→ Work request
Among the records below, find the line with "- Press the" and the line with "我还查到,在 2025 年的中国,已经有两千多万人在打网球。而这个数据在十年前还不到两百万。". Set down both and every line between, exactly and with no pictures, but nothing else.

→ Task inputs
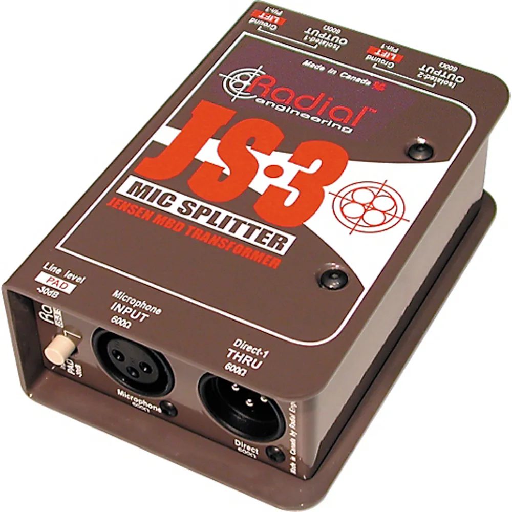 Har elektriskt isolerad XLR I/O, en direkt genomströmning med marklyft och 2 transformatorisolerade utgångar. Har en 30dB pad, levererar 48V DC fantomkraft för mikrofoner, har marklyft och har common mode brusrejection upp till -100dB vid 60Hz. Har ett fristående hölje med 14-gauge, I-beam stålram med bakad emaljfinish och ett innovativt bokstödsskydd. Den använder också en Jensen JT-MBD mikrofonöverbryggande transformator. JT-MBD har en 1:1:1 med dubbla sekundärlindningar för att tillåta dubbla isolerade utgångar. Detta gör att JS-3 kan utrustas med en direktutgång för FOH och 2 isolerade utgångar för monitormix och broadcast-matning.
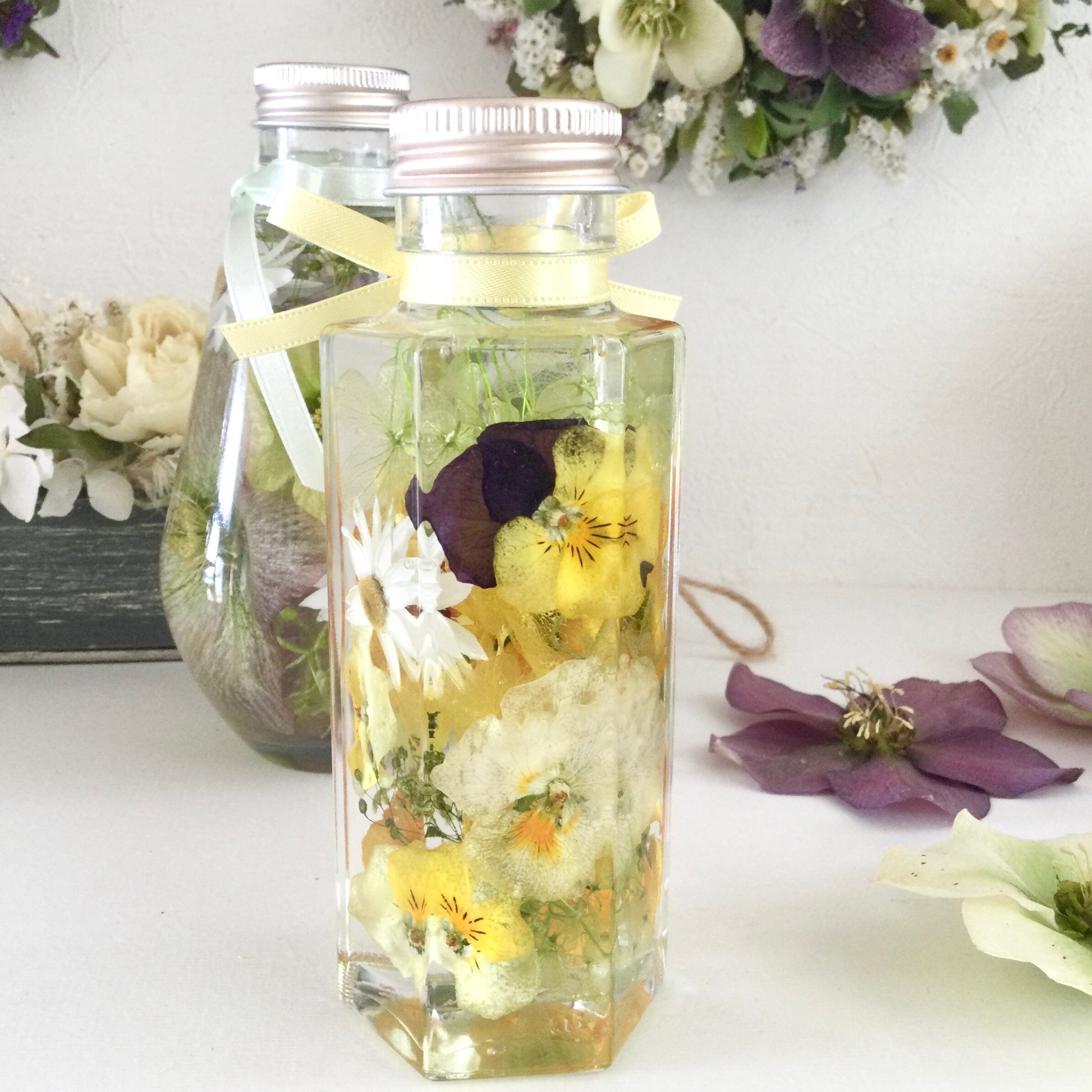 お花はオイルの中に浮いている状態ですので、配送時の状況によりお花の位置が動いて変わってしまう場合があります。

* * *

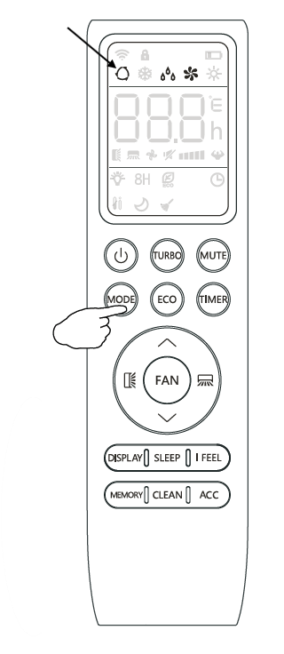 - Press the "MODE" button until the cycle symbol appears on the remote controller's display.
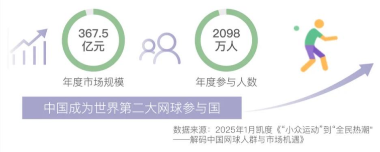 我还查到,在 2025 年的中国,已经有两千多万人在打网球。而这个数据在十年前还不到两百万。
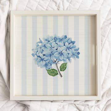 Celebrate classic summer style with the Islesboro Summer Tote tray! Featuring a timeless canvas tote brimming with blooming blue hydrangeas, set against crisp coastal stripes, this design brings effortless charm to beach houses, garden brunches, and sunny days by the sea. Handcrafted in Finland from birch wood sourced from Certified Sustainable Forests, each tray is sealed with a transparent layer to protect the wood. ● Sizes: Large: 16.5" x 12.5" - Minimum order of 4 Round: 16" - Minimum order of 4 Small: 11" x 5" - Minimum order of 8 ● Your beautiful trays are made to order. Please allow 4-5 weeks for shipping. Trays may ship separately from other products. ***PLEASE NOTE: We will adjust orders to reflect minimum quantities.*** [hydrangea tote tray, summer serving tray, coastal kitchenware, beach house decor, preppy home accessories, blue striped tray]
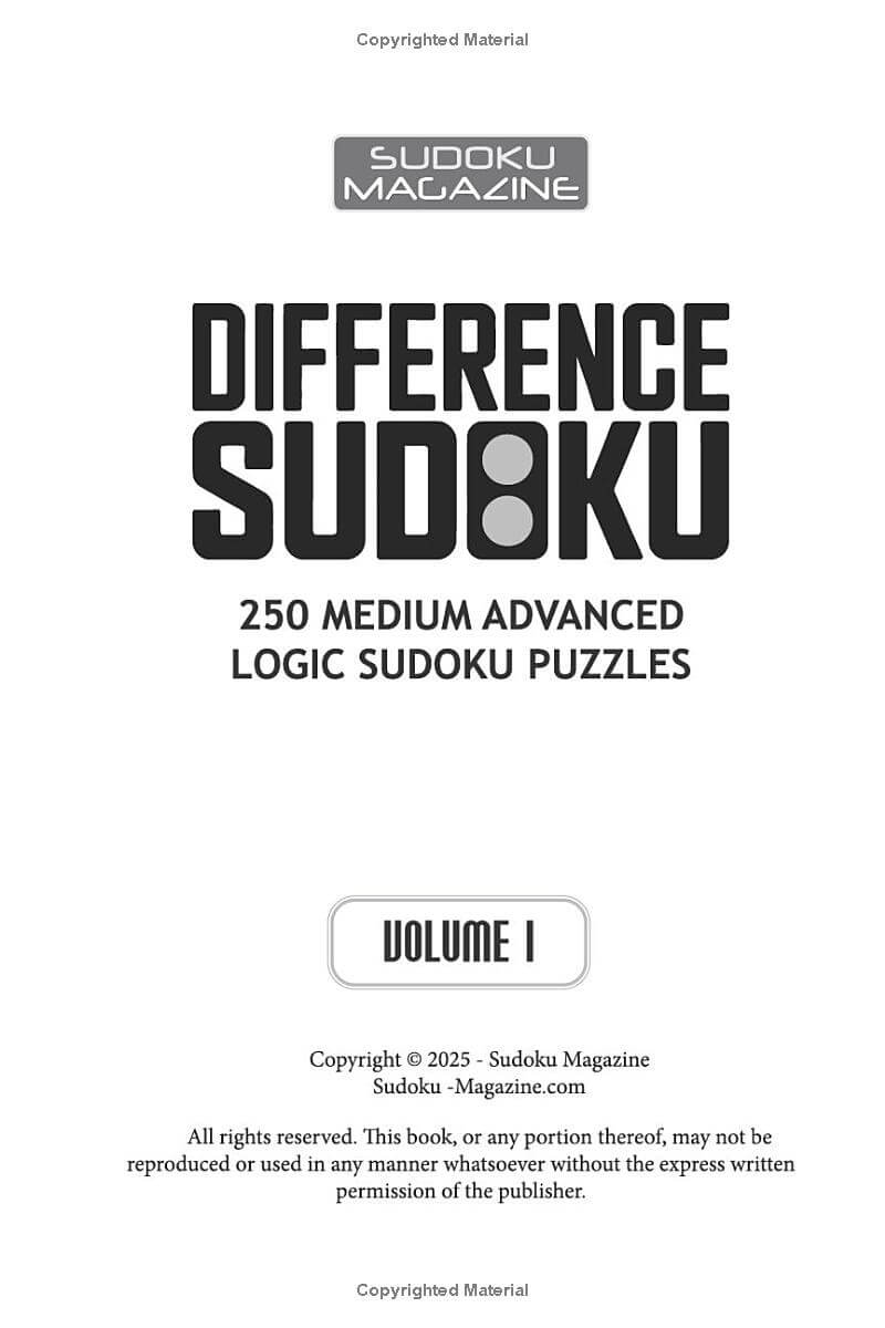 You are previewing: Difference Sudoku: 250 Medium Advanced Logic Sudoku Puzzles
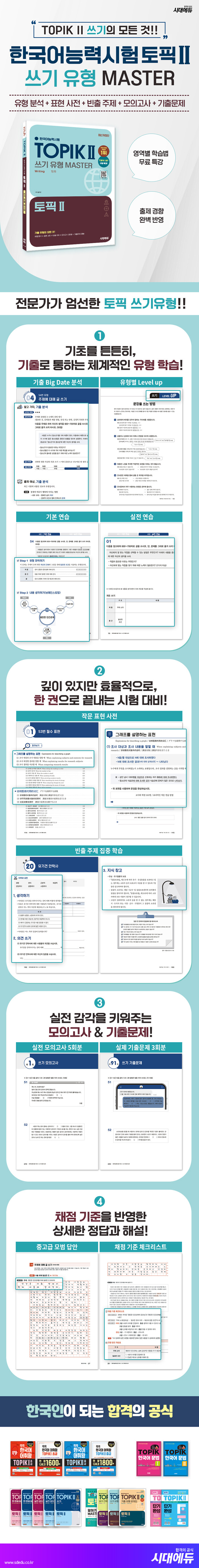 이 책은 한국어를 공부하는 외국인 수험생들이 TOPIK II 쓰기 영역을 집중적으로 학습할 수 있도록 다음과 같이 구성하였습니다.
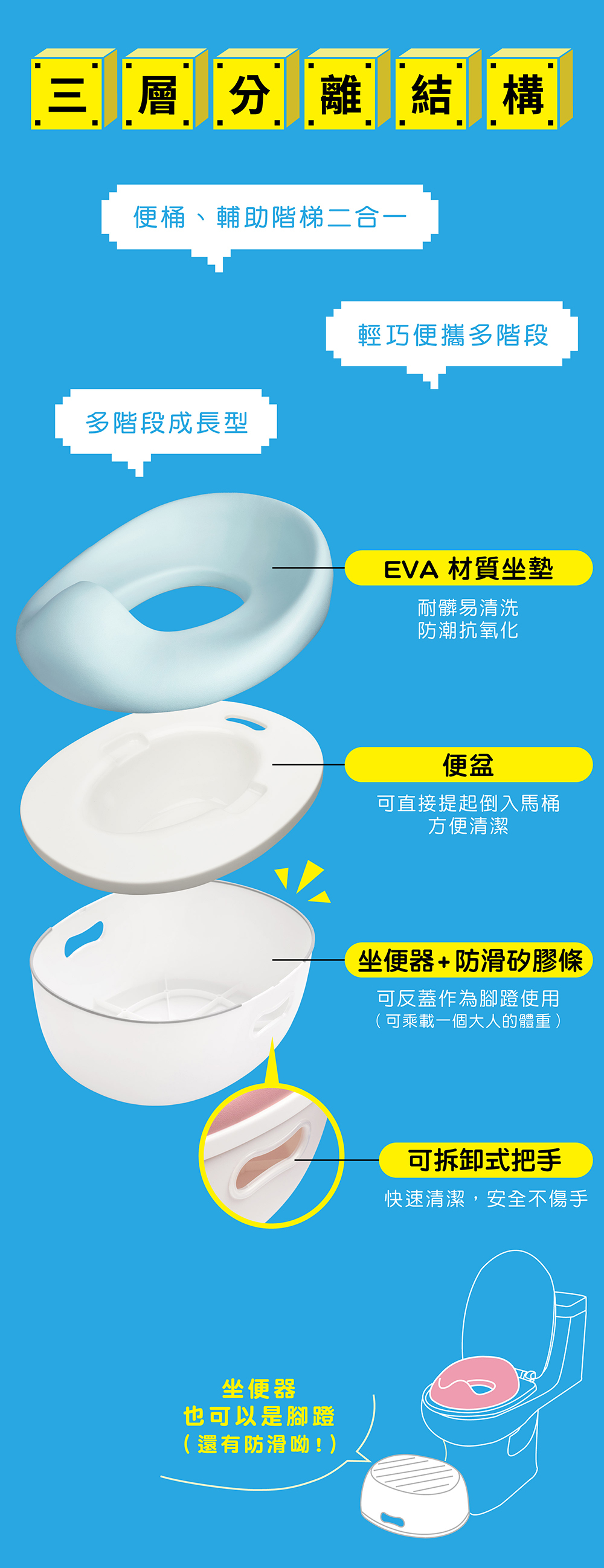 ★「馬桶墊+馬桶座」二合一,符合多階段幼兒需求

---

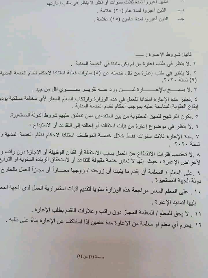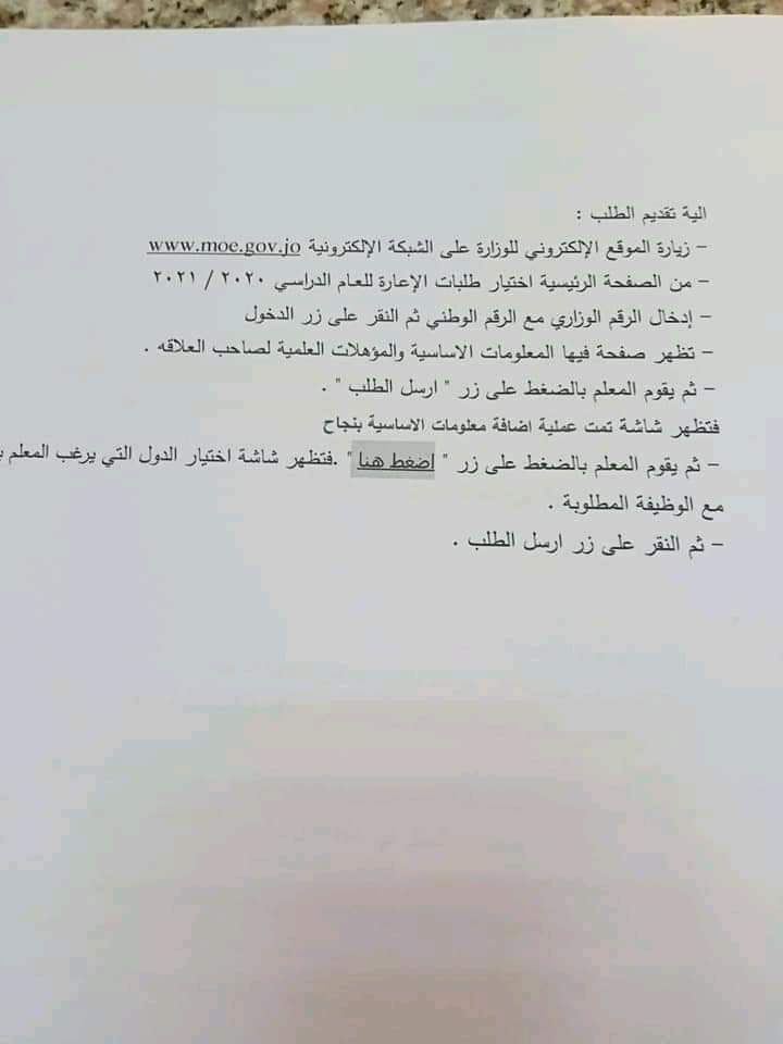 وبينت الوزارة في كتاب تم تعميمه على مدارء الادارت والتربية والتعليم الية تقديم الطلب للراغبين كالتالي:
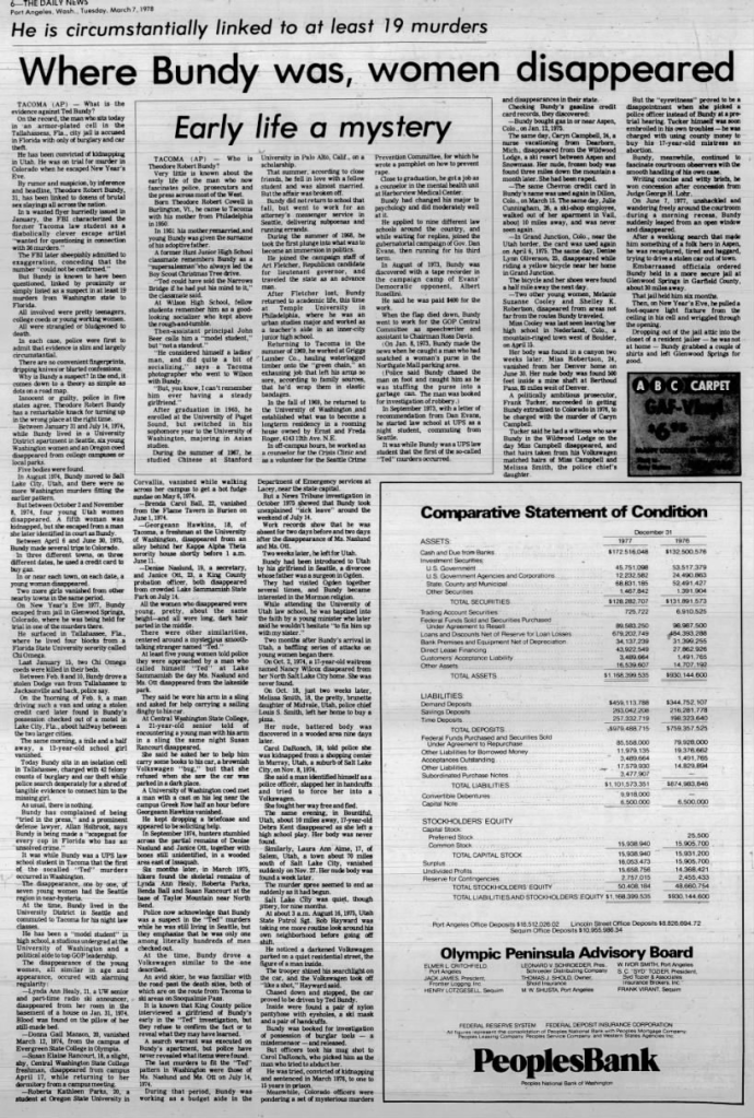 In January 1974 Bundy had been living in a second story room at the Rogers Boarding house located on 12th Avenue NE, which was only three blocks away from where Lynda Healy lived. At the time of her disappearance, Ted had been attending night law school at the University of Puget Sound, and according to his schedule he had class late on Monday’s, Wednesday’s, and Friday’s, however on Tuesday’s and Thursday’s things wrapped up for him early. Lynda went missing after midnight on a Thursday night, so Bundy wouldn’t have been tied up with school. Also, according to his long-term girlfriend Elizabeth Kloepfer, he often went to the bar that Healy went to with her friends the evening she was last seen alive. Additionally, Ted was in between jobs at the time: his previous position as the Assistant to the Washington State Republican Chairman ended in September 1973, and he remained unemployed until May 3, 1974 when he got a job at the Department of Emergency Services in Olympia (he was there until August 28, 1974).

→ Task result
 - Press the "MODE" button until the cycle symbol appears on the remote controller's display.
 我还查到,在 2025 年的中国,已经有两千多万人在打网球。而这个数据在十年前还不到两百万。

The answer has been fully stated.